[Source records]
****************

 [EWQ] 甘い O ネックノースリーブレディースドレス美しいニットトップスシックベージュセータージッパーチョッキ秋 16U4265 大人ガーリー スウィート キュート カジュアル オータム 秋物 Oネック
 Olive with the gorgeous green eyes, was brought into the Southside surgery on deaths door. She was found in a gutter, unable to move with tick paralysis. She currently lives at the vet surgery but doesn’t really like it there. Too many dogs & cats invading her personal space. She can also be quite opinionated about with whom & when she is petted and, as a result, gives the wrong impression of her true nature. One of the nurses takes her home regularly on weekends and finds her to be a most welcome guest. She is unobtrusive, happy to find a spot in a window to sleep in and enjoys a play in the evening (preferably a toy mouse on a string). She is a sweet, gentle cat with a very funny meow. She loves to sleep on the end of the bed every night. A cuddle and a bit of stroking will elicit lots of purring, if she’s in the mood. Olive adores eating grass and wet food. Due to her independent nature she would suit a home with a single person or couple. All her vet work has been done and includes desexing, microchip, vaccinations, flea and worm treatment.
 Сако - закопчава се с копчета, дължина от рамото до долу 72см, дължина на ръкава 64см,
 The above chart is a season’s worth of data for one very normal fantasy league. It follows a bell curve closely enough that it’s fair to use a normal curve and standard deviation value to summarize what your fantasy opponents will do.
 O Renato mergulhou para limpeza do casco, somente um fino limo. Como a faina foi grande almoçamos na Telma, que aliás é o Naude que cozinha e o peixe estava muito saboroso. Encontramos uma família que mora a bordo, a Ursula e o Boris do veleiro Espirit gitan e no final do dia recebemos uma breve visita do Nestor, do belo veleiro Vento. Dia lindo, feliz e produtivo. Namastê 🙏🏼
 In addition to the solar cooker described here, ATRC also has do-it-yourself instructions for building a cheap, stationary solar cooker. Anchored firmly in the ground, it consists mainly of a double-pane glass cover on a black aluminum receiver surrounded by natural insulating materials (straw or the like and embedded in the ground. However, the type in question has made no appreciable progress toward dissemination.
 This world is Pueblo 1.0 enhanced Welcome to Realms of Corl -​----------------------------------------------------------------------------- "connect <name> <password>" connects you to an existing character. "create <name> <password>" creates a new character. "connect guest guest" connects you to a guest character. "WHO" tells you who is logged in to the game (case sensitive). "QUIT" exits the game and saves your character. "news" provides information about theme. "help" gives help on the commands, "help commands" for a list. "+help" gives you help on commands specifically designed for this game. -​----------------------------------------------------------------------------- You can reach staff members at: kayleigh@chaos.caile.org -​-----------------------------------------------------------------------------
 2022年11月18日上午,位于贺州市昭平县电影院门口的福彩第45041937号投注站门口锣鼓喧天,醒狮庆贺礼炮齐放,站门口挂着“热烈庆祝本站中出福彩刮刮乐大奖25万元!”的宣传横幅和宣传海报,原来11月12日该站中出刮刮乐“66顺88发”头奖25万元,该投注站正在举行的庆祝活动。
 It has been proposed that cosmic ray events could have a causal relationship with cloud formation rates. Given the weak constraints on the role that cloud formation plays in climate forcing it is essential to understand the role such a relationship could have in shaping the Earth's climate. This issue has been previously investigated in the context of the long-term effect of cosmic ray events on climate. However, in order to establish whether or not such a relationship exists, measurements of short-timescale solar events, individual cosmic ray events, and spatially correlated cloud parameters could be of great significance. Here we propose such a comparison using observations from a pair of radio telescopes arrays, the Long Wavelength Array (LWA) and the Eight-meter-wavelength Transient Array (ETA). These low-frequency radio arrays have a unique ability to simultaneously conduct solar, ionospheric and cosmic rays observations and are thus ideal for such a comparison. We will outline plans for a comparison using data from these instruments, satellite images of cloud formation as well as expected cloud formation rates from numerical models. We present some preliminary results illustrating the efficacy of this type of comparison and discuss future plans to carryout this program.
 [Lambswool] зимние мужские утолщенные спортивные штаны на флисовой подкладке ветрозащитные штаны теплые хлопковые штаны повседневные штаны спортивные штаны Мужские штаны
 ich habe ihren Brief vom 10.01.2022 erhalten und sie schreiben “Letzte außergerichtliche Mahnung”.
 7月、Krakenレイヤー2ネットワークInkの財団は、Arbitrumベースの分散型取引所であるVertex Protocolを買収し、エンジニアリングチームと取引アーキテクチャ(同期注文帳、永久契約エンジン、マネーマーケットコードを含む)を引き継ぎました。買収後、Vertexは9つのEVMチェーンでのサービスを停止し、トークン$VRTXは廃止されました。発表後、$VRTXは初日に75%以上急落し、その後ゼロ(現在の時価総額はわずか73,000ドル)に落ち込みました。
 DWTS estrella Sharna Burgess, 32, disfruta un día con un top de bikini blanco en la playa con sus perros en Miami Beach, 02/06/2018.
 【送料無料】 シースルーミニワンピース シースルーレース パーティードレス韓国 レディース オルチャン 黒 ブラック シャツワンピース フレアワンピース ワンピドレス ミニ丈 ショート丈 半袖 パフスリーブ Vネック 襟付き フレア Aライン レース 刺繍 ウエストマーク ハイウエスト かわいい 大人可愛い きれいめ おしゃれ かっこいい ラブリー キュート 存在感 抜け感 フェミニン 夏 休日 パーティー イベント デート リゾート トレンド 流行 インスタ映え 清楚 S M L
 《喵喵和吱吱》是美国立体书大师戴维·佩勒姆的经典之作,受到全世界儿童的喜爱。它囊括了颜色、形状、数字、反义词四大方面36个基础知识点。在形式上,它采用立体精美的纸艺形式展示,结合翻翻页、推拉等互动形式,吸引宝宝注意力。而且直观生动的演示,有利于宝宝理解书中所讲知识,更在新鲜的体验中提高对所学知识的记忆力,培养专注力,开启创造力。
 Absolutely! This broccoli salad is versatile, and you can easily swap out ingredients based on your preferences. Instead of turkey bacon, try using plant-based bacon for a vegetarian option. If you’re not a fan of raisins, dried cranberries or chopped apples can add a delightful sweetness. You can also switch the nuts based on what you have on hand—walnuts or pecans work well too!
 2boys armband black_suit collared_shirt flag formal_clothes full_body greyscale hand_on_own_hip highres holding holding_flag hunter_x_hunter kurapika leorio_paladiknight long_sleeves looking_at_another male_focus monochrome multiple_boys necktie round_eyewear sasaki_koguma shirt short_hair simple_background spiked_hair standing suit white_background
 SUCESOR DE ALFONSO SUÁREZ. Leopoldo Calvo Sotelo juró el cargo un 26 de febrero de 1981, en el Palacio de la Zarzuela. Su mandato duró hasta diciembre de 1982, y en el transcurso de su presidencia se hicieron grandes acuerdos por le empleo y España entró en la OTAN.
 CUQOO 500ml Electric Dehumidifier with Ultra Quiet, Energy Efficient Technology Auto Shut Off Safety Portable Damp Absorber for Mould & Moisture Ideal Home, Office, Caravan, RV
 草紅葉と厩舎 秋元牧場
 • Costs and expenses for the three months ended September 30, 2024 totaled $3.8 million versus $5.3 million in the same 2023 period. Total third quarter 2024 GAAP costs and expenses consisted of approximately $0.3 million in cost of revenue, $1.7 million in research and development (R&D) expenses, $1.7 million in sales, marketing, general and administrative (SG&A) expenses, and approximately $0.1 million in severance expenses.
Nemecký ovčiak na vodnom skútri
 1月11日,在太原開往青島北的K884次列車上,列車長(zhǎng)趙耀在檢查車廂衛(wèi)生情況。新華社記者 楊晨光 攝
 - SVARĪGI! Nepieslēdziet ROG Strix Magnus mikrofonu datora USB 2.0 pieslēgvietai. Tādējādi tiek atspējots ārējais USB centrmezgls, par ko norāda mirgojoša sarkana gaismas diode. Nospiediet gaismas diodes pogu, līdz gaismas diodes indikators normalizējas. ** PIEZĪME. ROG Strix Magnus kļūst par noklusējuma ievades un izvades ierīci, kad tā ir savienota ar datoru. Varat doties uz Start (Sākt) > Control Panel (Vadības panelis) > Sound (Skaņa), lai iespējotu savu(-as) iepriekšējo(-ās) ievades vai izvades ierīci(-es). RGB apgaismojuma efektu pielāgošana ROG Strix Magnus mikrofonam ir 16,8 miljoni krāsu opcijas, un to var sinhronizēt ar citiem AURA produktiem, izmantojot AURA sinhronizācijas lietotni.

****************

Your answer should consist of every line from the entries that holds "キュート".

Task result:
 [EWQ] 甘い O ネックノースリーブレディースドレス美しいニットトップスシックベージュセータージッパーチョッキ秋 16U4265 大人ガーリー スウィート キュート カジュアル オータム 秋物 Oネック
 【送料無料】 シースルーミニワンピース シースルーレース パーティードレス韓国 レディース オルチャン 黒 ブラック シャツワンピース フレアワンピース ワンピドレス ミニ丈 ショート丈 半袖 パフスリーブ Vネック 襟付き フレア Aライン レース 刺繍 ウエストマーク ハイウエスト かわいい 大人可愛い きれいめ おしゃれ かっこいい ラブリー キュート 存在感 抜け感 フェミニン 夏 休日 パーティー イベント デート リゾート トレンド 流行 インスタ映え 清楚 S M L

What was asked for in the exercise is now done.